Donate
Осень народов

Бункеры, расстрелы и вечный Сталин: долгая жизнь албанского коммунизма (I)

Как создавалась идеальная осажденная крепость

В этот раз нам стоит обратить внимание на страну, жители которой целыми десятилетиями жили в страхе — страхе не за свободу, а за жизнь. Посмотрим на общество, где антиутопия победила, а «северокорейская мечта» взяла верх над остатками здравого смысла. Перед нами — оруэлловский мир, ставший реальностью для 3 миллионов жителей Албании.

От корки до корки

Ахмет Зогу, король Албании с 1926 по 1939 годы
Ахмет Зогу, король Албании с 1926 по 1939 годы

Коммунистический режим в Албании установился одним из первых — и пал последним в Европе. Почти 50 лет, с 1944 по 1992, партия и ее вожди сохраняли монополию на власть. На фоне других стран «социалистической» Европы эта история совсем неудивительна — именно так покажется на первый взгляд.

Однако в привычной коммунистической оболочке был скрыт режим несколько иного рода, чем в странах-соседях. Лишь с падением железного занавеса — не европейского, но своего собственного, эта страна действительно открыла миру те крайности, до которых могла дойти диктатура во второй половине XX века на территории Европы.

Две стороны медали

Освобождение страны от немецкой оккупации, как и в других балканских странах, во многом легитимизировало до того подпольное коммунистическое движение в глазах населения. В отличие от других стран «социалистической» Европы, реставрация довоенных порядков в принципе не могла стать консенсусом — возвращение к полуфеодальному коррумпированному строю во главе с авторитарным монархом не являлось привлекательной альтернативой декларируемому коммунистами социальному прогрессу.
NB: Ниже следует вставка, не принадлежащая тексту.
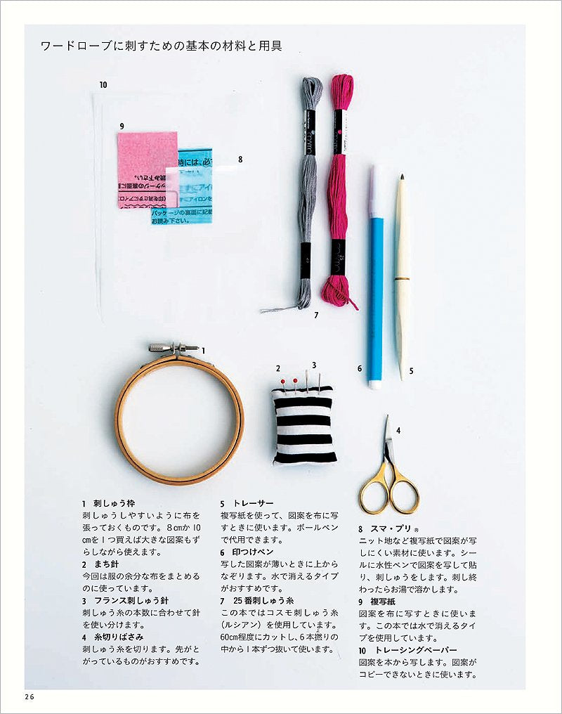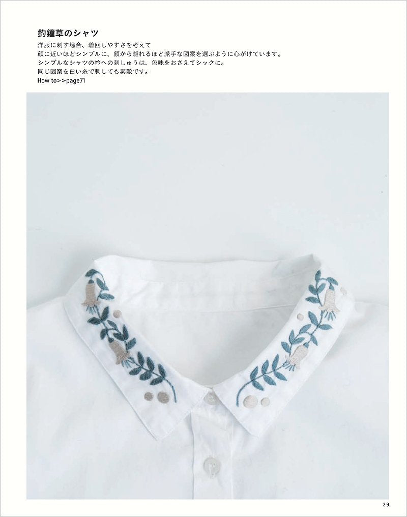 There are two main points to keep in mind when stabbing clothes. One is to choose the design and color by thinking about how you will wear it. Another thing is that there are different ways of copying and stitching designs depending on the material. This book provides detailed explanations of points to consider when embroidering a variety of wardrobe items, such as shirt collars, T-shirts, skirts, and knitwear, using practical examples.
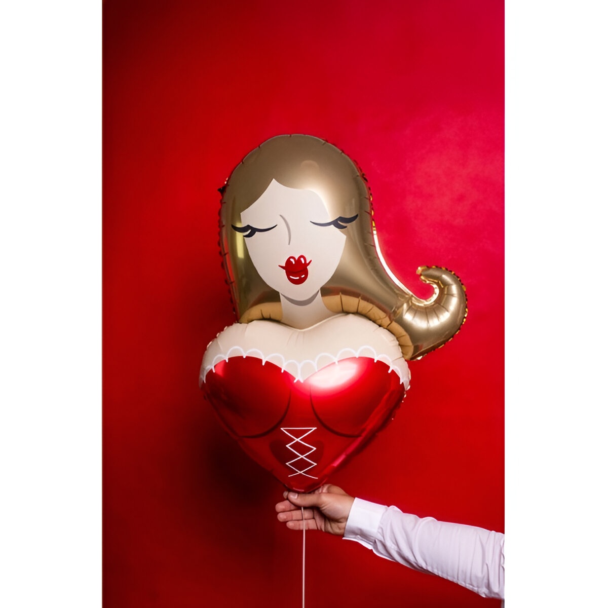 Balão decorativo com design feminino: figura de mulher loira sobre um grande coração vermelho com detalhes dourados e lábios marcantes. Perfeito para despedidas de solteira e celebrações que pedem um toque elegante e divertido. Tamanho aproximado antes de inflar 66 x 94,5 cm e depois de inflado 57 x 74,5 cm. Pode ser enchido com ar ou hélio para se adaptar à decoração desejada.
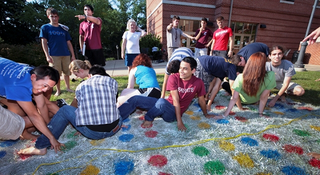 Students got all tied up in knots during a game of giant Twister on the Fisher Quad. Sponsored by Recreation Services, the event was a fun way to start…
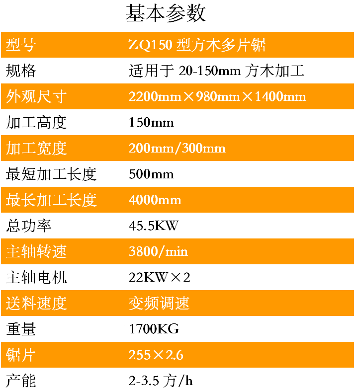 1.ZQ150型方木多片鋸采用獨立5條滾軸傳動設計,可以保證同一個平面線上,送料平穩。
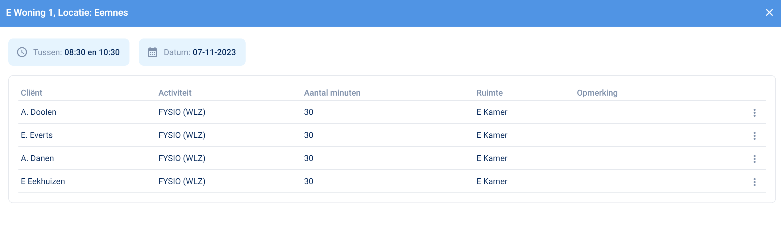 - de namen van de cliënten die behandeld moeten worden in dit tijdsblok
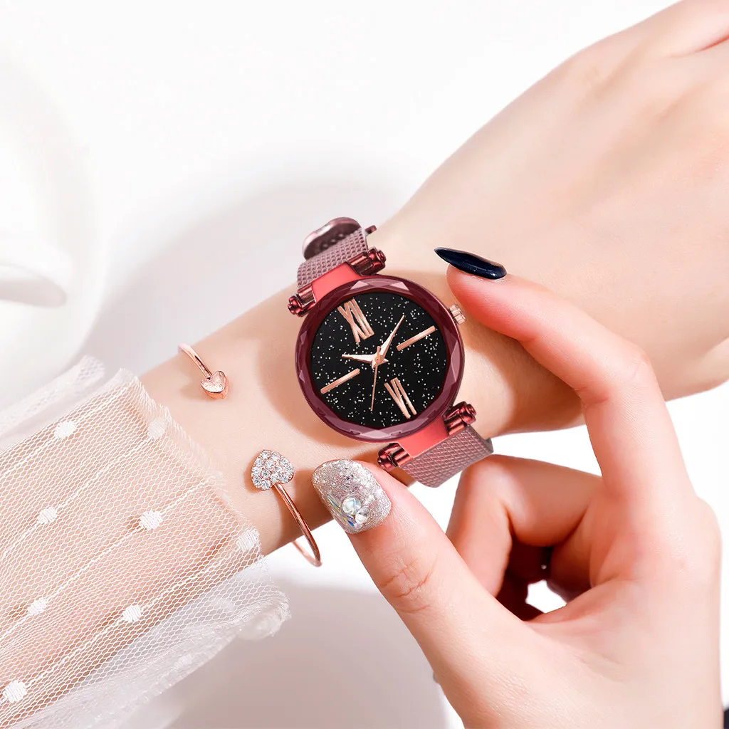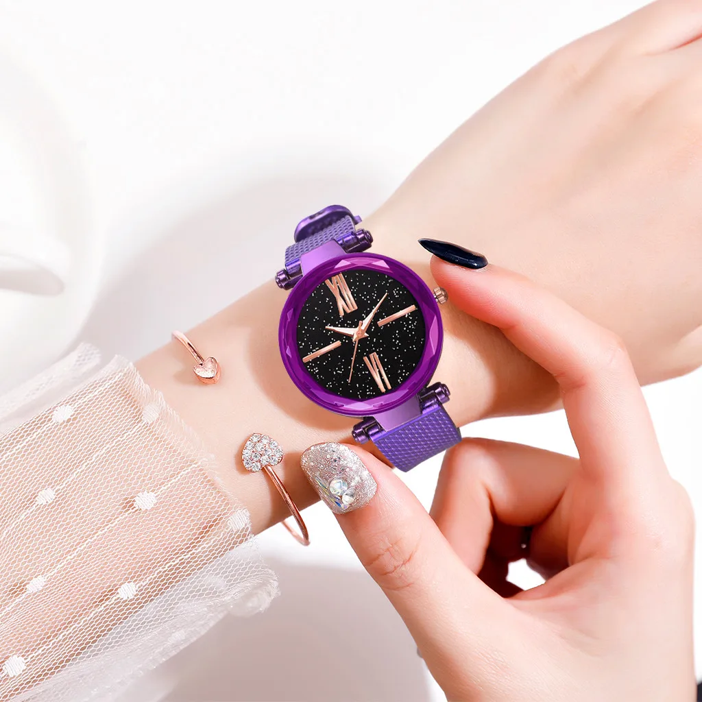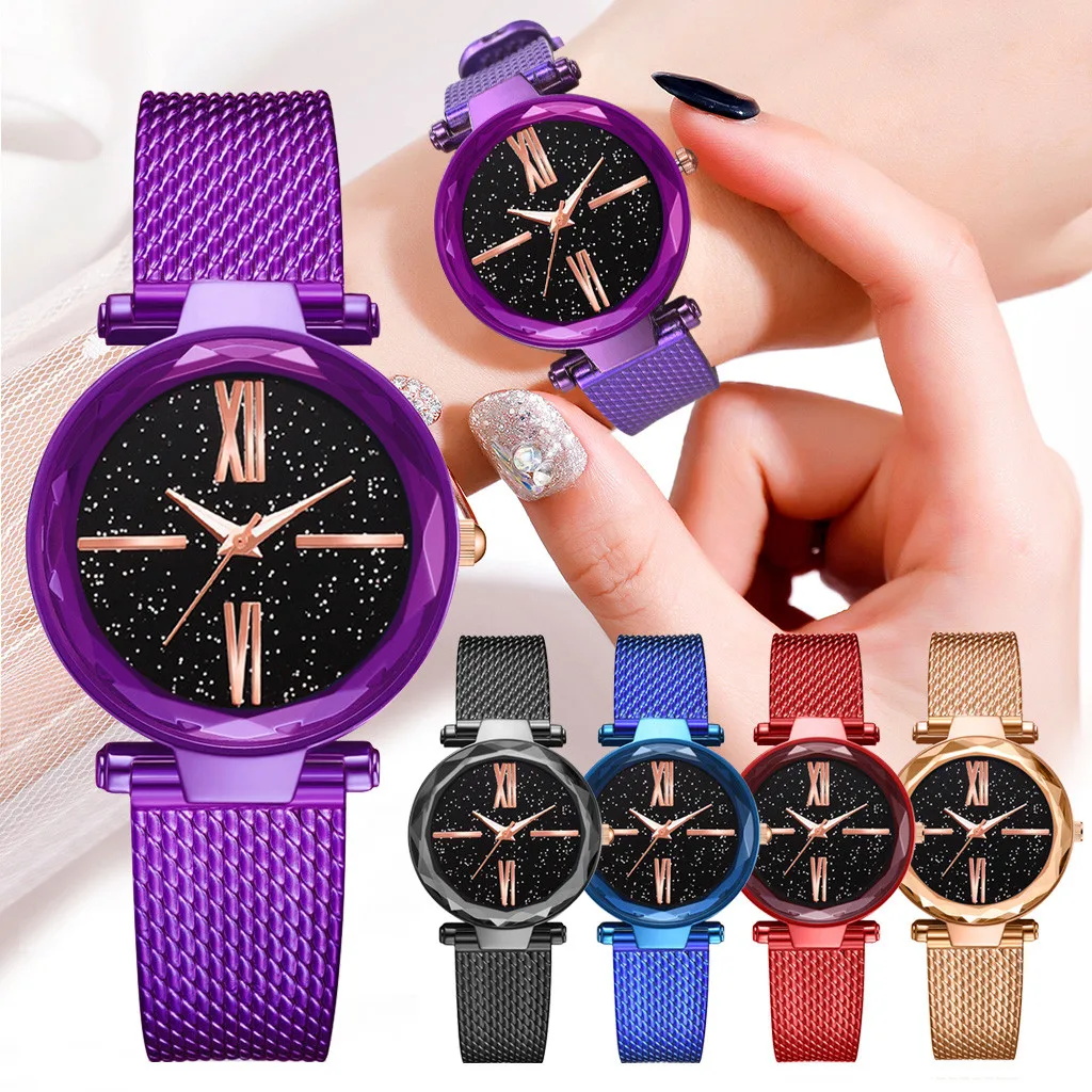 Модные Простые крутые большие римские цифровые Звездные небесные циферблаты женские сетчатые с кварцевыми часами

Иными словами, почти не было препятствий для стремительного установления нового режима, чем смогла воспользоваться коммунистическая Национально-освободительная армия, в ноябре 1944 подчинившая всю страну.

Албанские партизаны-коммунисты, 1944 год
Албанские партизаны-коммунисты, 1944 год

И обещанные преобразования действительно изменили жизнь албанцев: в середине 1940-х здесь сложился режим модернизации в его советском варианте — феодальное землевладение было ликвидировано, население массово переезжало в города, обеспечивая нужды сталинистской индустриализации, было внедрено всеобщее школьное образование, а женщины формально были уравнены в правах с мужчинами.

Но с первых лет нового строя цена «модернизации в плену диктатуры» становилась все более очевидной.

Становление террористического режима

Нашего современника трудно будет удивить рассказом о жестокости сталинских назначенцев; и тем не менее, жизнь общества самой маленькой страны соцлагеря покажется вышедшей за рамки самых темных ожиданий.

Партия во главе с молодым коммунистом Энвером Ходжей смогла быстро расправиться с конкурентами в борьбе за народную поддержку: в течение нескольких лет после войны оказались физически устранены активные противники новой власти — репрессии коснулись как националистов из организации «Балли Комбетар» , обвиненных в сотрудничестве с нацистами, так и слуг довоенной власти — монархистов. Но настоящая манифестация возможностей все более персоналистского албанского коммунизма была впереди.

Энвер Ходжа и Мехмет Шеху — албанские «Сталин» и «Молотов»
Энвер Ходжа и Мехмет Шеху — албанские «Сталин» и «Молотов»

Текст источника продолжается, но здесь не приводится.